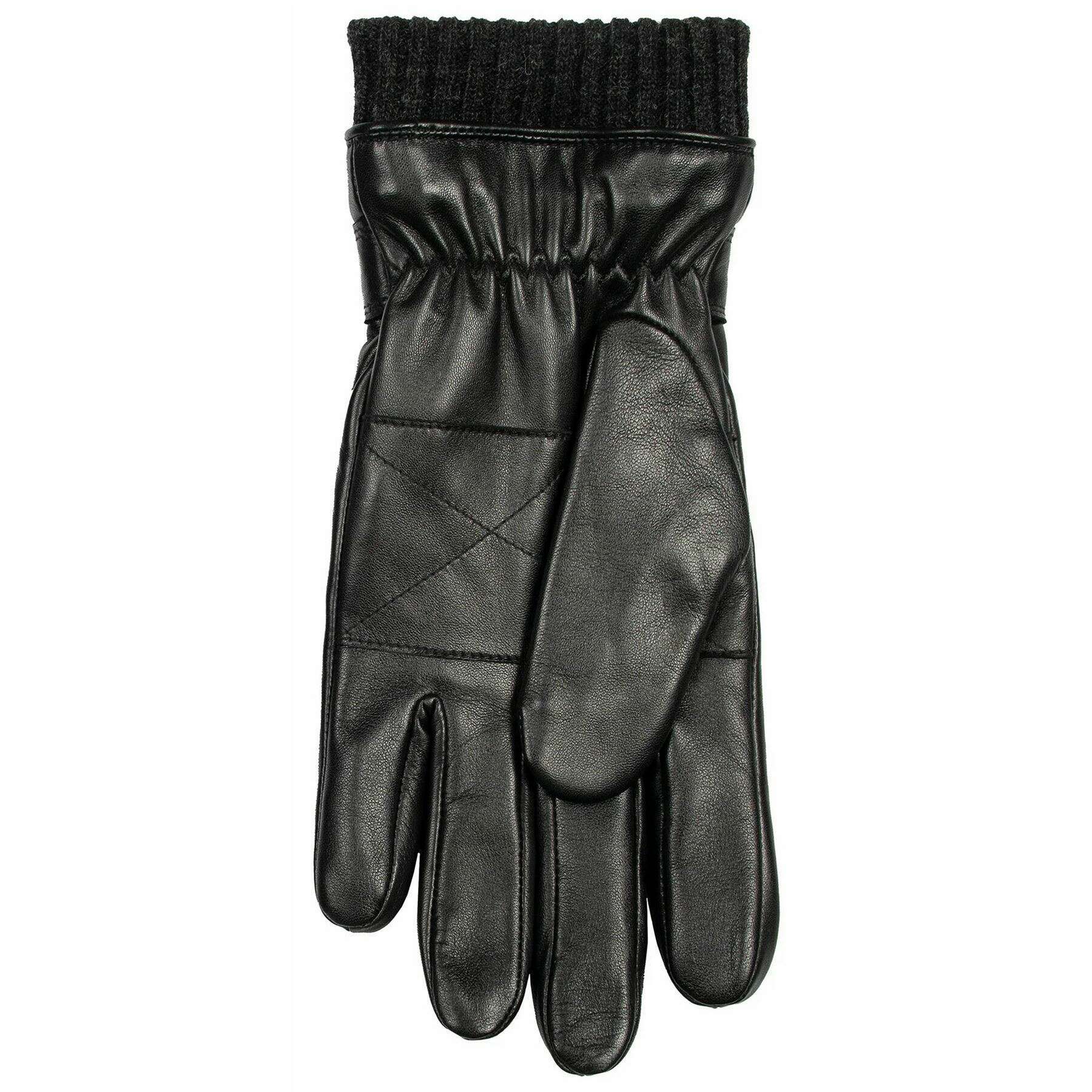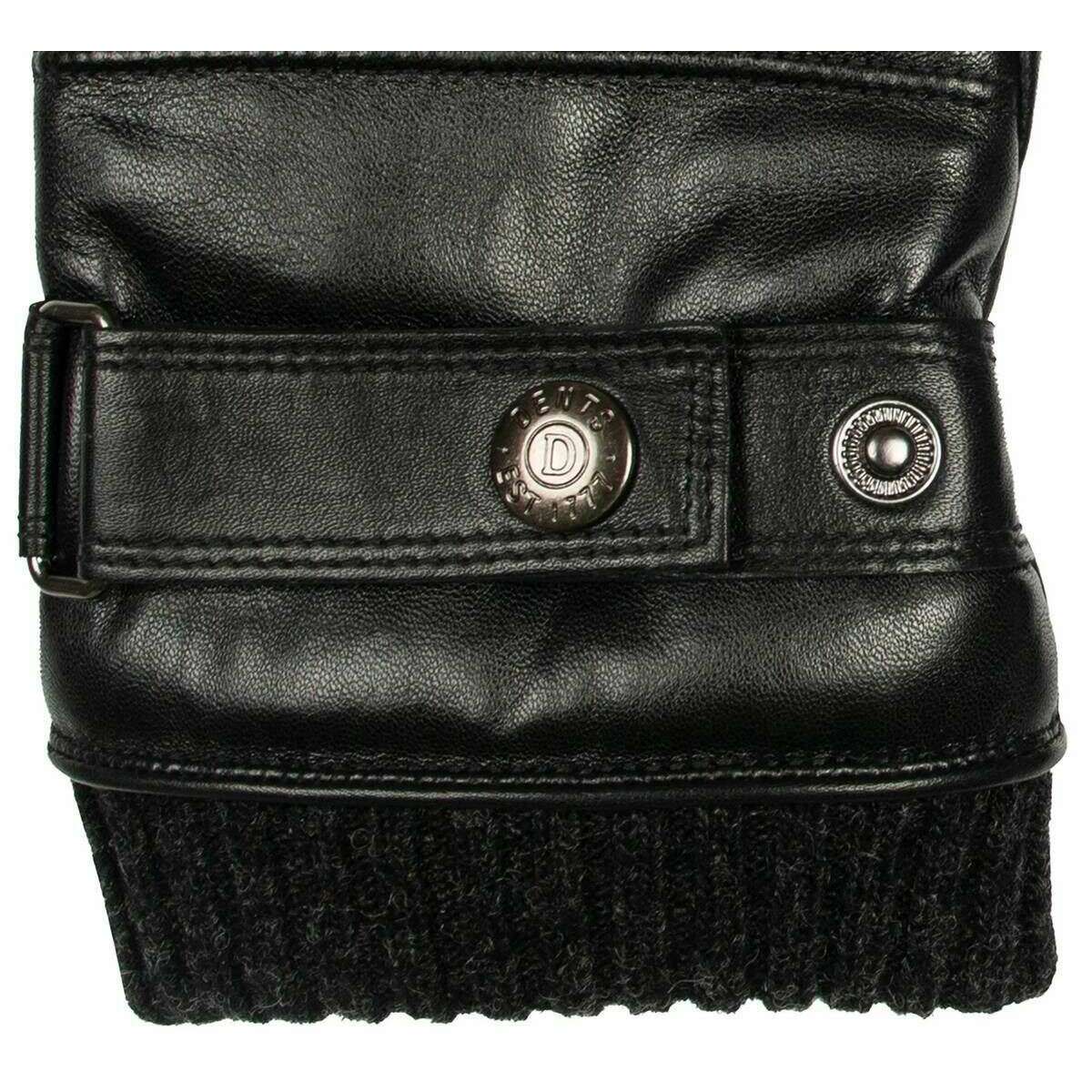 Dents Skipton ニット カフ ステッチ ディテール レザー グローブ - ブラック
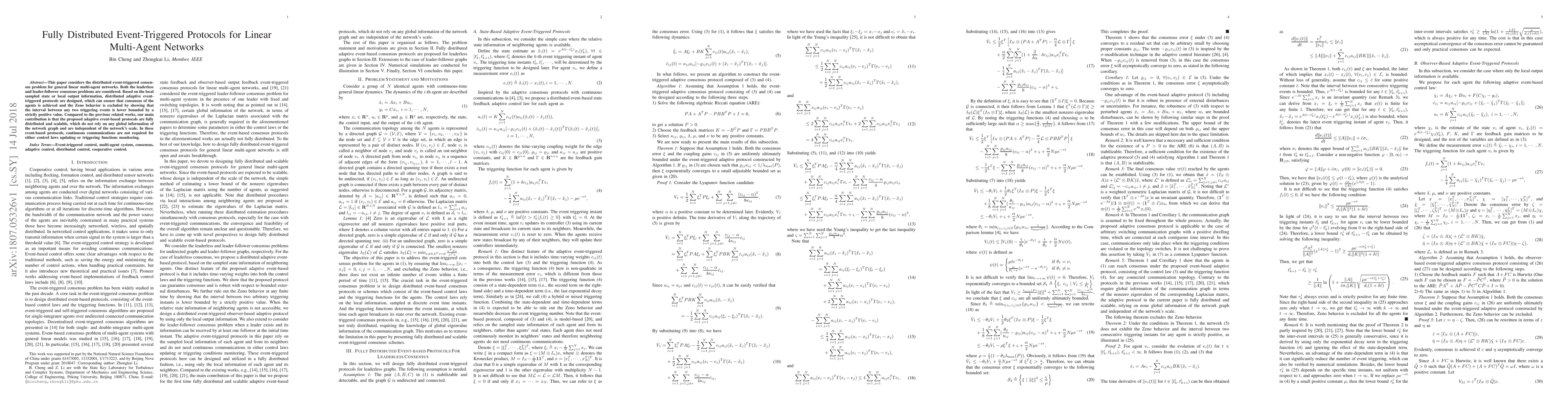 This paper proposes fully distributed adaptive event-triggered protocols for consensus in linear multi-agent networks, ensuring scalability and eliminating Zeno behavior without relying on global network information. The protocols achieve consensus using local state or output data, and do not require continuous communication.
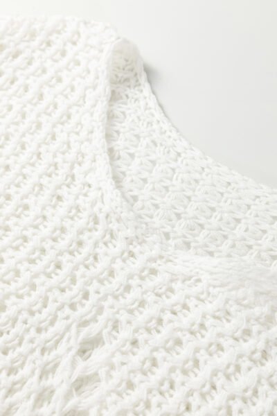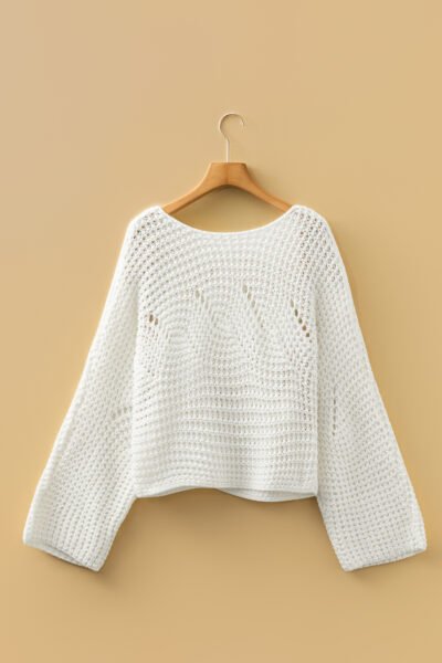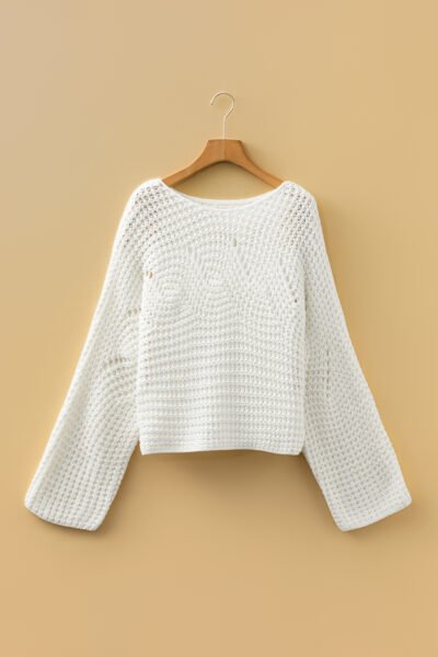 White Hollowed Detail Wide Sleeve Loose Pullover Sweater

- - -

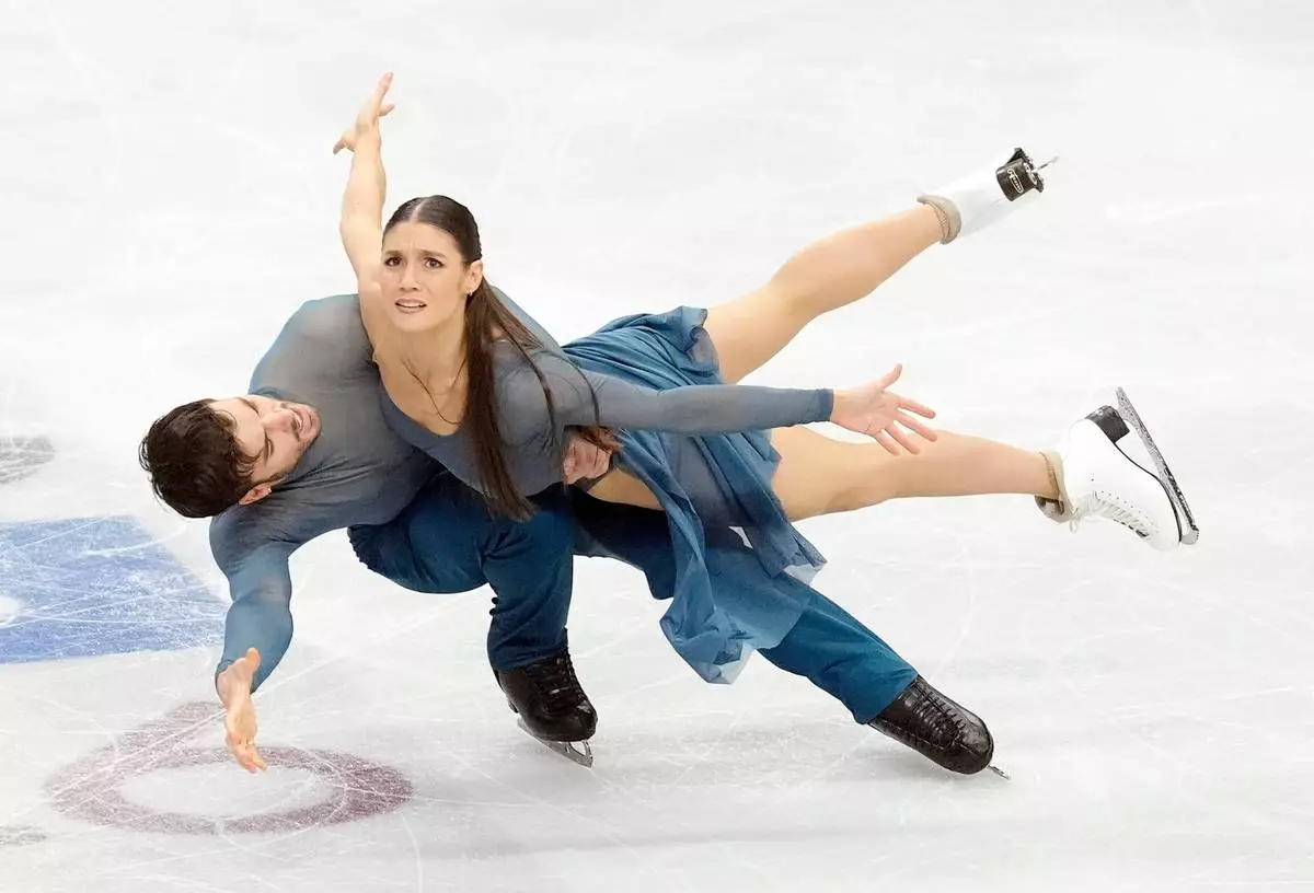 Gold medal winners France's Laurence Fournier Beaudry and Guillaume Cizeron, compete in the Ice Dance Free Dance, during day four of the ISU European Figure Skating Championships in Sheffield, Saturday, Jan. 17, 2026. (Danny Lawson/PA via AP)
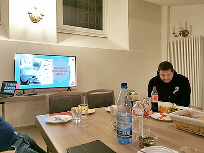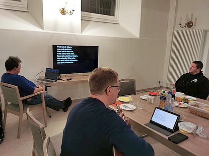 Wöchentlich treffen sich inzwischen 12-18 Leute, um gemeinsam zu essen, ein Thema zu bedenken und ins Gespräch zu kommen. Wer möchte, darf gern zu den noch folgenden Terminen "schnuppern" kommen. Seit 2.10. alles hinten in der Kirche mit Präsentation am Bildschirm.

- - -

» **Your task**: With the pictures removed from your copy, retype the lines above from the one that contains "This paper proposes" through the one that contains "White Hollowed Detail", exactly.

» **Written reply**:
 This paper proposes fully distributed adaptive event-triggered protocols for consensus in linear multi-agent networks, ensuring scalability and eliminating Zeno behavior without relying on global network information. The protocols achieve consensus using local state or output data, and do not require continuous communication.
 White Hollowed Detail Wide Sleeve Loose Pullover Sweater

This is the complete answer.